Und Elze kann noch sehr viel mehr, wie sich auf den knapp 200 Seiten des Buches mit seinen 10 Kapiteln zeigt. Alle Kapitel heißen übrigens „CAPUT“, gefolgt von einer der römischen Ziffern zwischen I und X. „Caput“ für lateinisch „Kopf“ oder auch metonymisch „Mensch“, wobei man hier vielleicht auch zusätzlich noch ganz lautbezogen „kaputt“ assoziieren darf: kopf/ mensch/kaputt. Das grundsätzlich Kaputte oder eben Panische des vielleicht-mal-theoretisch-visionär-phantasierten Paradieses durchzieht die Texte des Bandes ähnlich wie auch ihre immer wieder ironisch-komisch-absurde Brechung. Es ist, als ob das barocke Vanitas-Motiv zusammen mit einer virtuosen poetischen Eloquenz, die einen bisweilen an Peter Rühmkorf erinnern könnte, in zeitgenössischer Gestalt zusammenfinden, wobei Elzes Texte nie geschraubt, sondern immer flüssig klingen. So als wären sie überwiegend auch in einer Art poetischem Flow entstanden (und dann natürlich vielfach überarbeitet und verfeinert worden).
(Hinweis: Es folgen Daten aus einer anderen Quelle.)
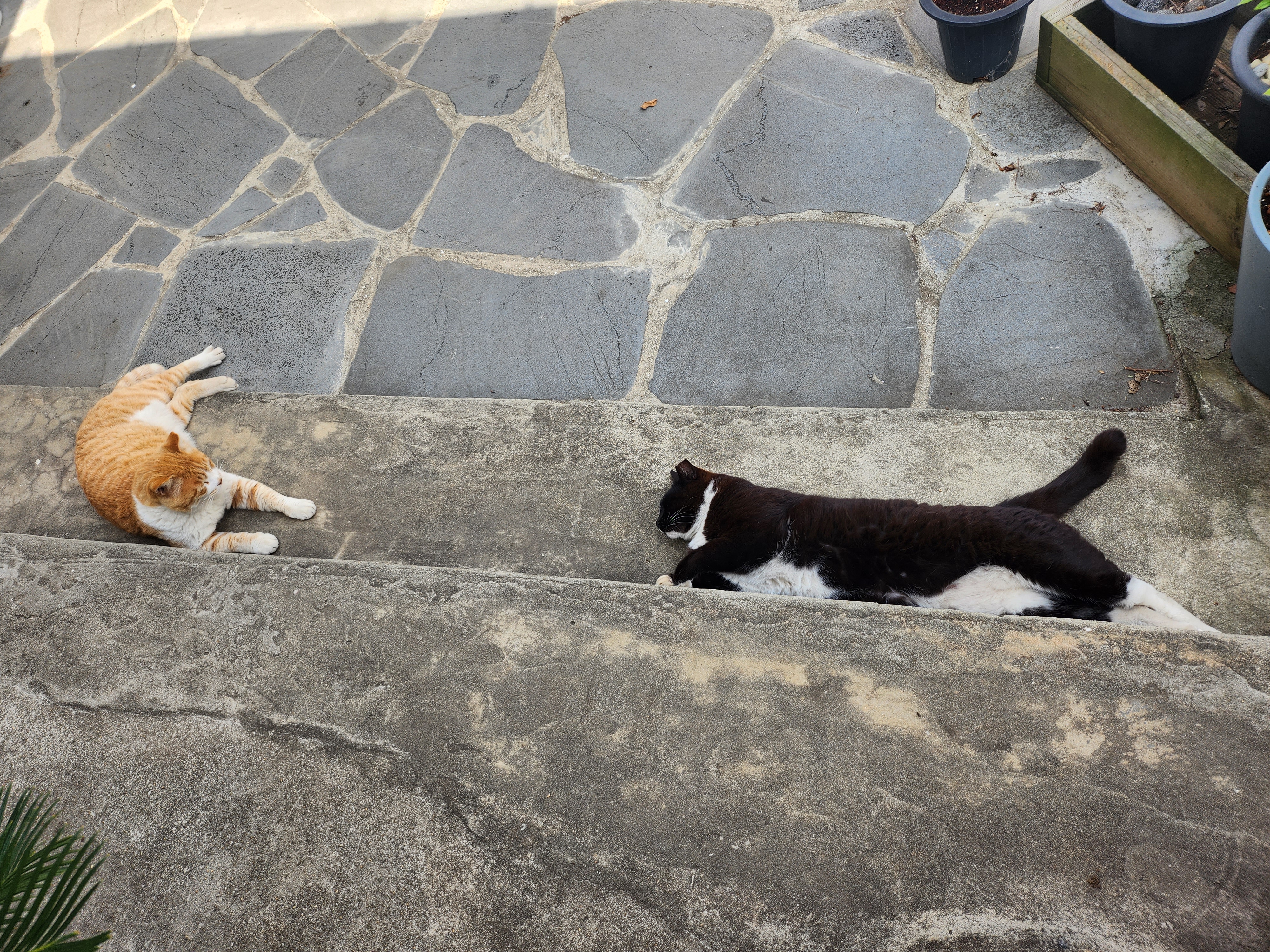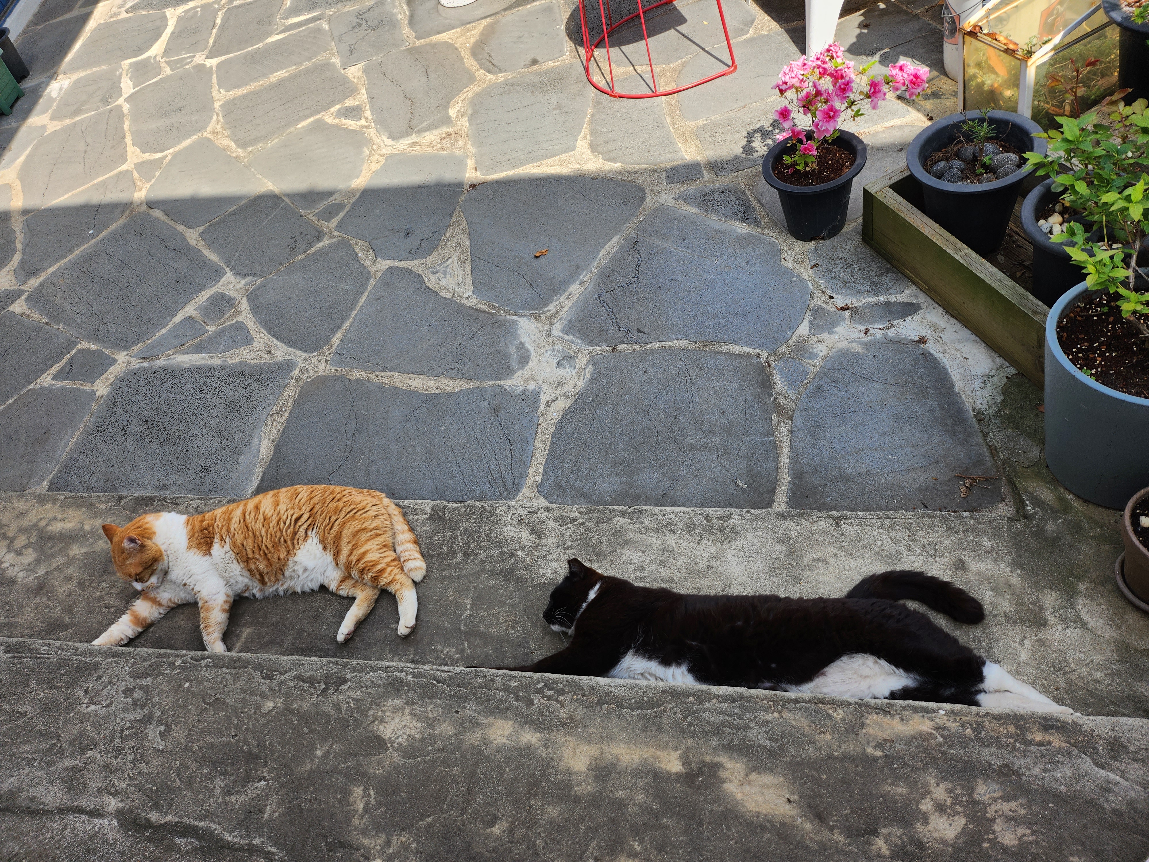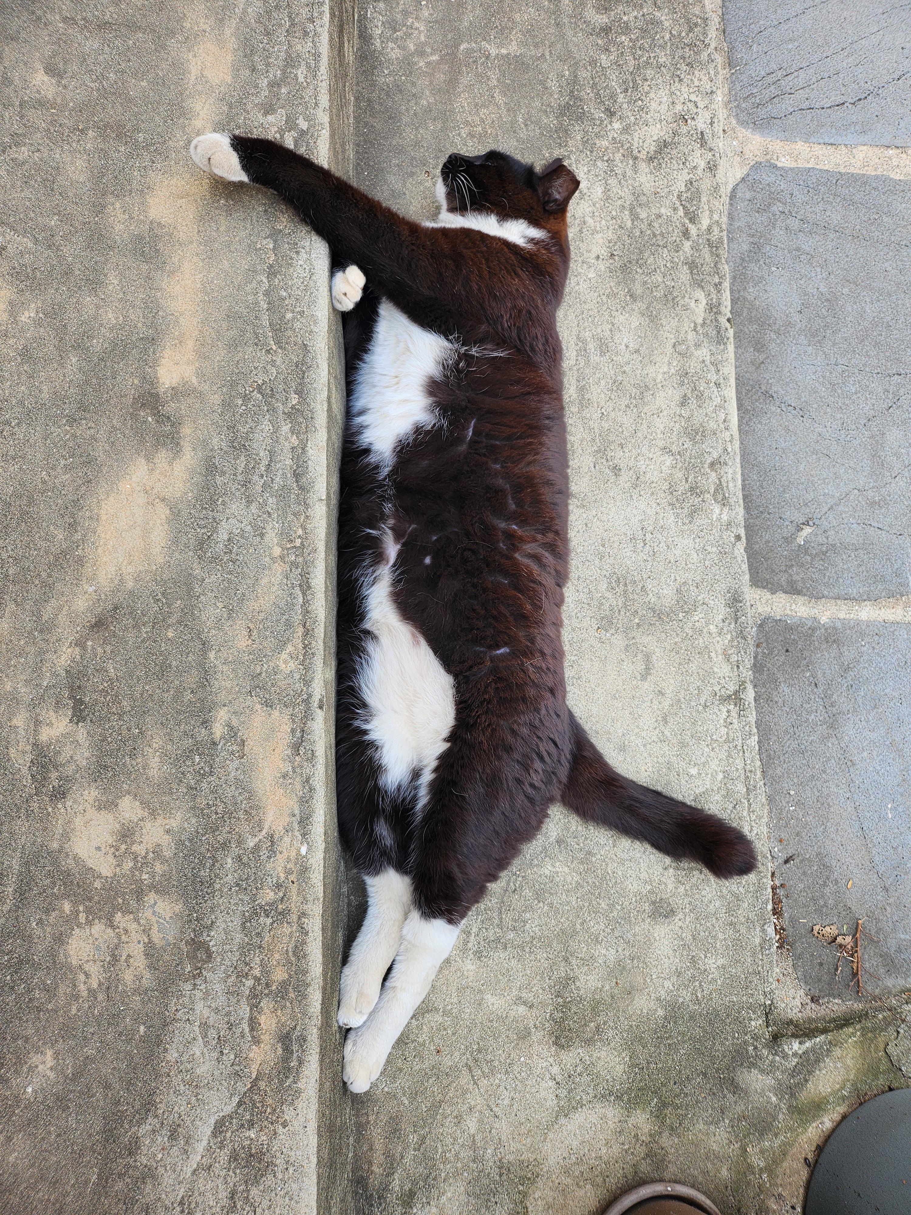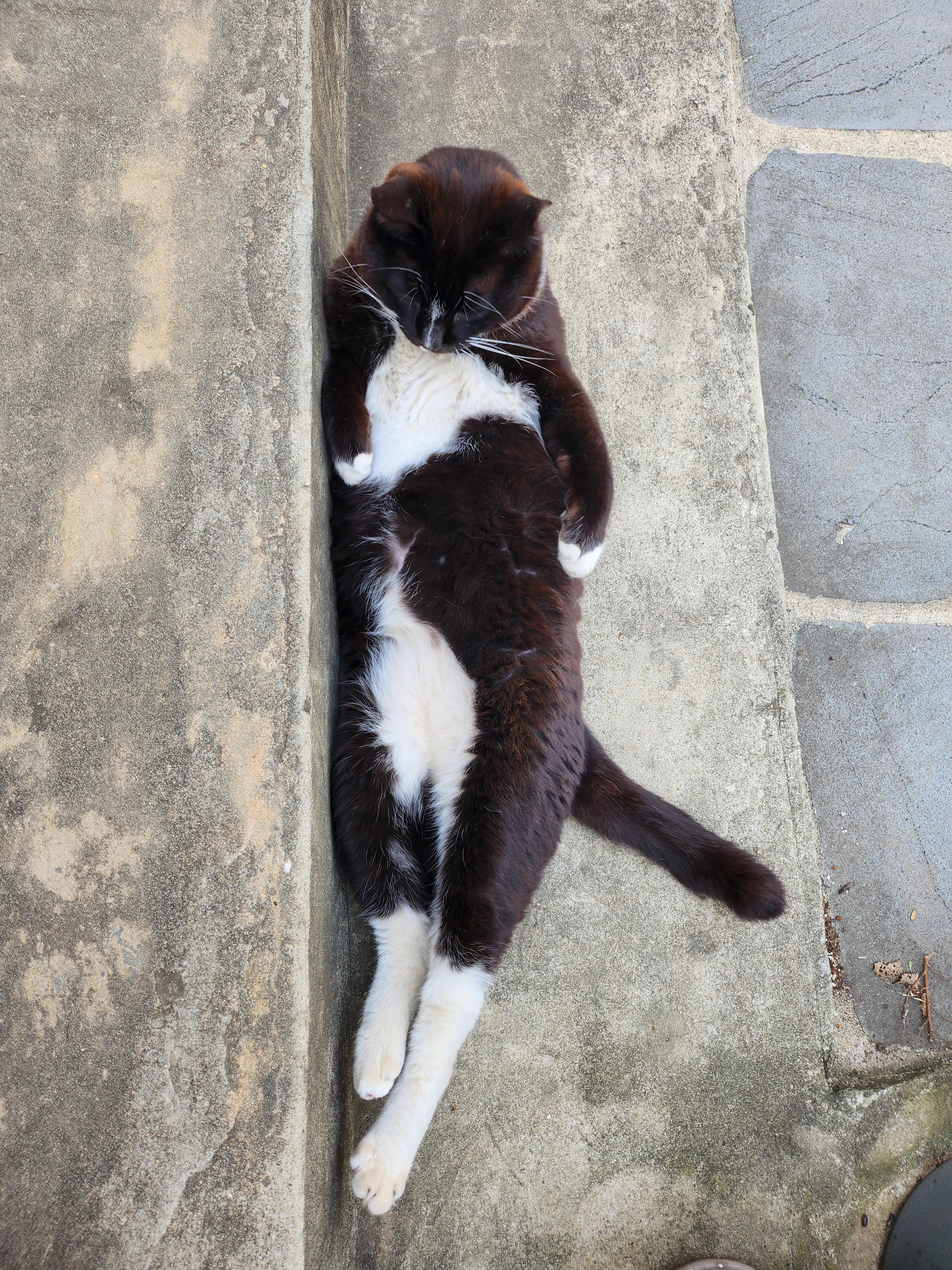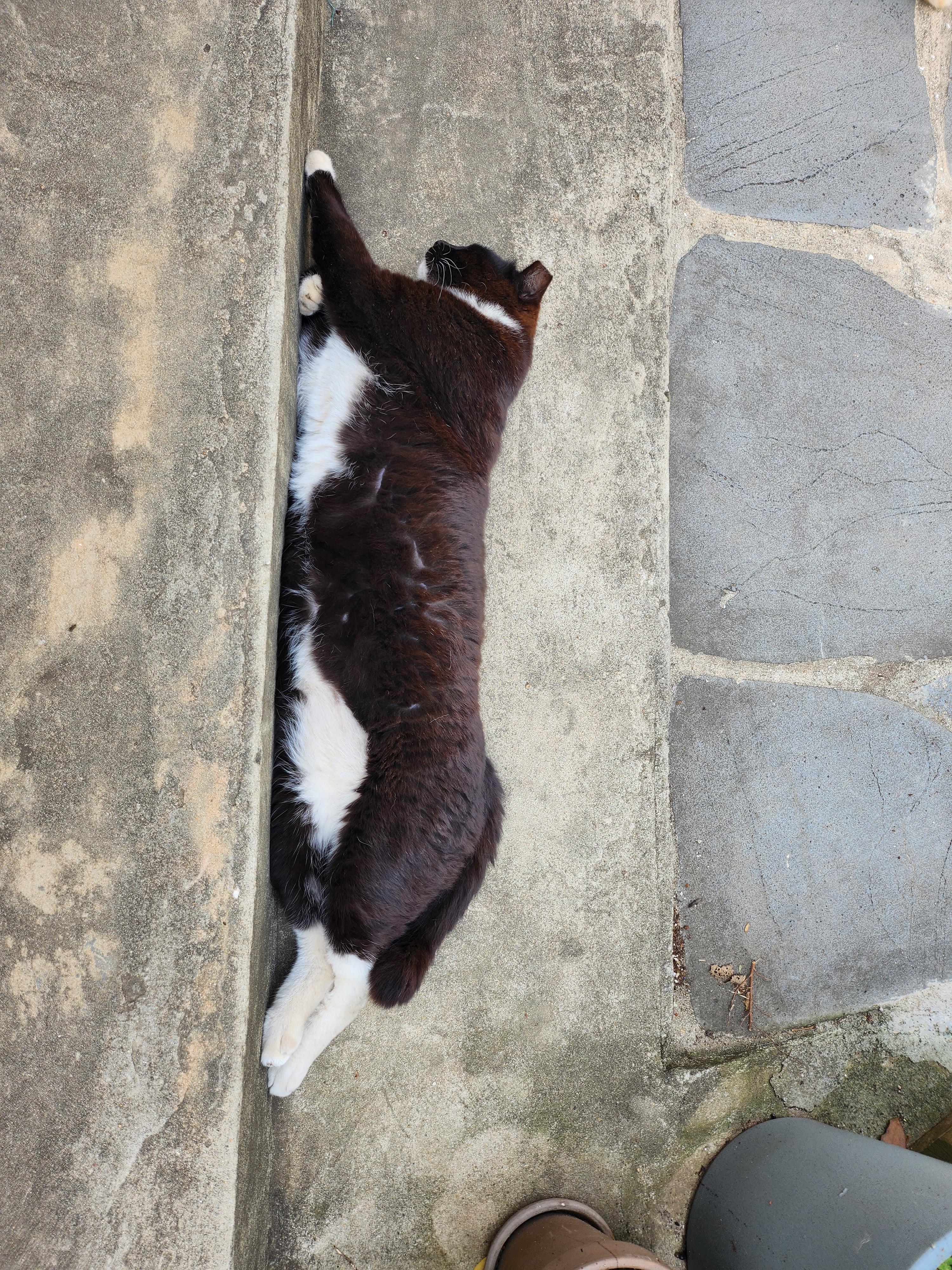 원래는 필통씨만 누웠었는데, 그걸 본 다른 고양이들이 하나둘 따라 눕기 시작했고, 어떤 날은 모든 고양이가 카페 마당에서 등을 지지며 누워있을때도 있다.

Trotz ihrer kunstvollen Gestaltung haben mich die Texte in panik/paradies allerdings nur bedingt tief berührt, und ich habe mich gefragt, woran das eigentlich liegt, zumal ich bei der Lektüre angesichts früherer Leseerfahrungen mit Elze-Texten auf Berührtwerden eingestellt war: Ist es die schiere Menge der Gedichte, die nicht nur dazu verführt, das Lesetempo zu erhöhen, sondern einen auch denken lässt: noch eins und noch eins und noch eins…? Sind es die vielleicht allzu vielfältigen Formen und Sujets, die sich in einer Art Kannibalisierung wechselseitig ein wenig die ‚Show stehlen‘? Oder sind es gerade die oft prosanah komponierten ernsten Texte, die ich, wie insbesondere die Gedichte über den sterbenden Hund im CAPUT III „homo canis“ einfach nicht so stark fand wie manche früheren Gedichte von Elze, die den Gesamteindruck ein wenig trüben? Tatsächlich vermag ich es nicht genau zu sagen und neige zu der Ansicht: es ist wohl eine Mischung von vielem. So wie das Buch selbst, das – wie hier nochmal betont sei – lesenswert ist, und vielleicht so gelesen werden will, dass man sich immer mal wieder etwas herauspickt statt alles von A bis Z in einem Rutsch durchzugehen. Das Paradies verdient Muße. Das panik/paradies auch.